Diagnosing and fixing common issues with Simple Post Like.

The Like Button Is Not Showing

Check auto-injection is enabled

Go to Settings → Simple Post Like → Auto Injection and confirm the master toggle is enabled. If it is disabled, the button only appears where you place the [simple_post_like] shortcode manually.

Check the post type is enabled

Go to Settings → Simple Post Like → Post Types and confirm the post type you are viewing is checked. If it is not enabled, neither auto-injection nor the shortcode will render the button for that post type.

Check your theme calls the_content()

Auto-injection hooks into the the_content filter. If your theme renders post content without calling the_content() — for example, by accessing $post->post_content directly — the filter never runs and the button is never injected. Switch to auto-injection disabled mode and use echo spl_like_button() directly in your template instead.

Check for a conflicting plugin

Some caching plugins, page builder plugins, or content optimization plugins suppress or bypass the_content filter. Temporarily deactivate other plugins one by one to identify a conflict. If a conflict is confirmed, use shortcode or PHP template placement as an alternative.

Check the shortcode is correct

If you are using manual placement, make sure the shortcode is spelled correctly — [simple_post_like] with no typos. Test by pasting it into a new post and previewing.


The Like Button Appears Twice

This happens when both auto-injection and a manual shortcode or spl_like_button() call are active on the same page at the same time.

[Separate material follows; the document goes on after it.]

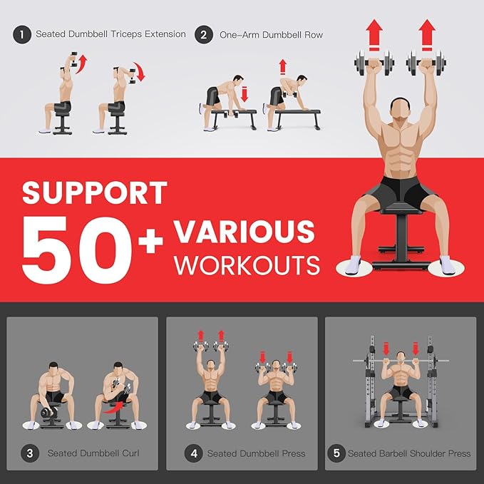 - 【Adjustable & Non-slip Foot Caps】The Bench Press features non-slip end caps that are designed to fit all widths around the circumference, allowing for adjustments on uneven flooring. The end caps are also rotatable to ensure maximum stability.

Fix: Either disable the Auto Injection master toggle and use manual placement only, or set the Position on Single Posts to None and let the shortcode or template function handle placement on that page.

See Auto Injection for details.


Clicking the Like Button Does Nothing

Check browser console for JavaScript errors

Open your browser’s developer tools (F12), go to the Console tab, and click the like button. Any JavaScript errors will appear here. Common causes are a JavaScript conflict with another plugin or theme script.

Check the AJAX URL is correct

Open the Network tab in browser developer tools and click the like button. You should see an AJAX request to wp-admin/admin-ajax.php with a 200 response. If the request is missing or returns a non-200 status, a server-side issue is preventing the AJAX handler from running.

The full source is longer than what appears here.